The fourth national surveyors' conference will be held in the Victoria Conference Centre on May 5 to May 8, 2008. It will be held in conjunction with the CHC 2008. The theme is: "Bringing Land and Sea Together." For details visit www.chc2008.ca
Since the offshore is the largest part of its territory, the ACLS has shown leadership by putting forth the following initiatives:
- promotion of a Marine Cadastre for Canada,
- promotion of the ACLS national certification program for hydrographers, and
- publication and promotion of the new book Canada's Offshore: Jurisdiction, Rights, and Management (copies can be purchased from: www.acls-aatc.ca or www.trafford.com).
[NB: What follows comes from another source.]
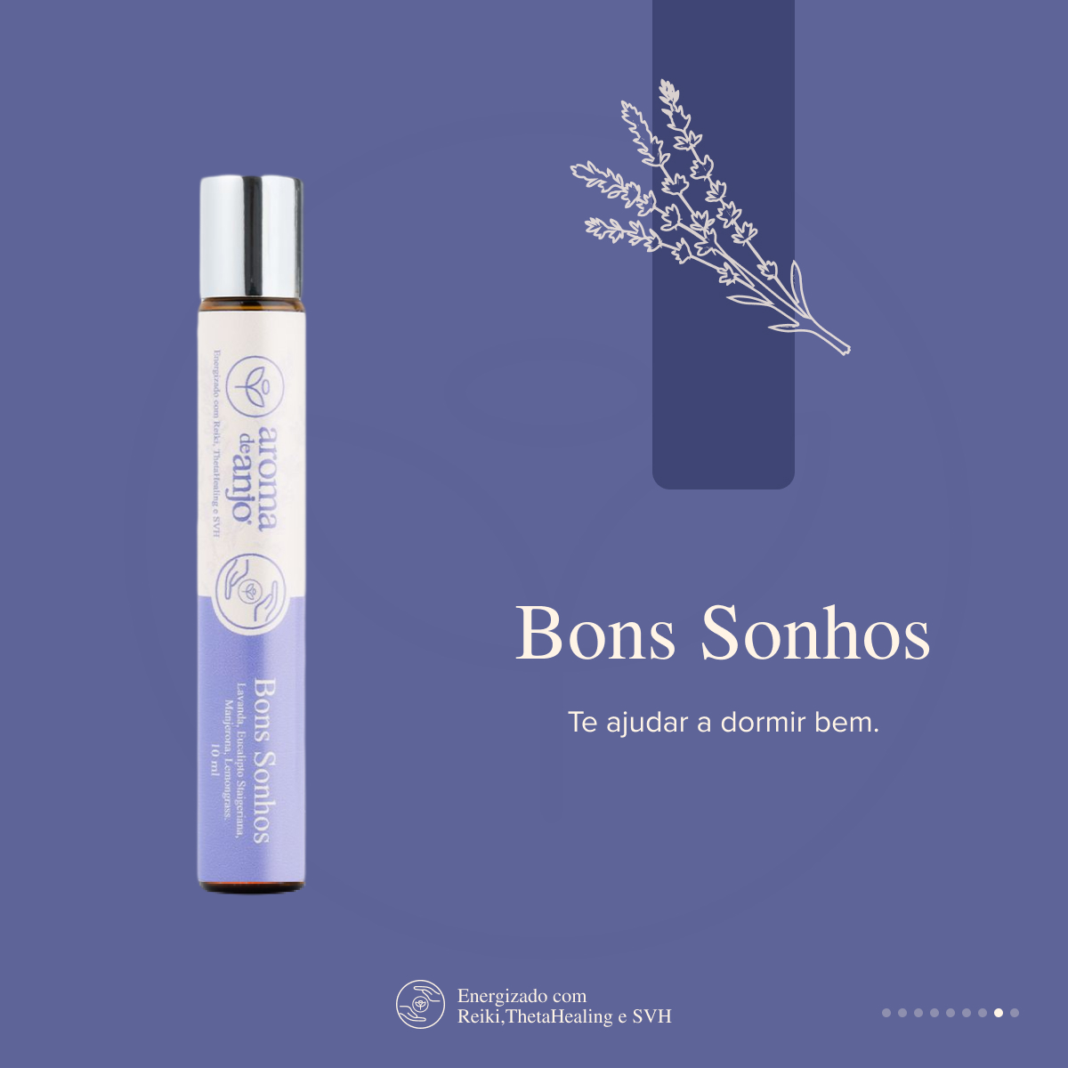 Além dos benefícios dos óleos essenciais, nosso roll-on oferece um diferencial exclusivo: uma programação energética com terapias de Reiki, SVH e ThetaHealing. Essas terapias elevam o padrão vibratório do produto, potencializando seus efeitos e direcionando a sinergia dos óleos essenciais para alcançar o resultado desejado com mais facilidade. Essa combinação única promove aterramento e relaxamento profundo, garantindo que você tenha uma experiência de repouso sereno e restaurador.

Because Indian reserves are an important part of the ACLS's jurisdiction (there are over 630 Indian reserves in Canada), the relationship the ACLS has with the aboriginal community is crucial. We have shown leadership in this area by helping the National Aboriginal Land Managers Association (NALMA) to set up its certification program for aboriginal land managers. The ACLS and NALMA are now working together to investigate the possibility of establishing survey-related course content and develop training-delivery approaches that will meet the needs of the Aboriginal communities across the country, including isolated and/or remote communities. The ACLS has also established working relationships with the Assembly of First Nations and the First Nations Land Advisory Board.
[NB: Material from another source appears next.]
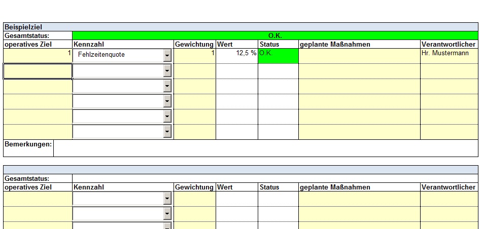 - Für jedes operative oder strategische Ziel können Maßnahmen und Verantwortliche benannt werden.

The survey industry is thriving in Canada but it faces a serious challenge: a shortage of professional surveyors and technologists. This situation is likely to get worse. Most surveying associations, including the ACLS, are taking steps to attract more students to the profession. Despite its relatively young age, in its present form (its predecessors date back to 1874) the ACLS has taken large steps in the professional world and has maintained its place as a leader in the geomatics sector.
About the Author
Marie Robidoux, CLS, LL.M. is the Association of Canada Lands Surveyors' first female president. She has a law degree from Laval University, a survey technology diploma from the Northern Alberta Institute of Technology and a Master of Laws in Information Technology from the Robert Kennedy University in Switzerland. She obtained her Canada Lands Surveyor Commission in 1993. Marie is responsible for Aboriginal and northern projects as well as business development in northern Canada for Challenger Geomatics Ltd. She has been involved with the ACLS for years, serving on several committees as well as serving as a council member.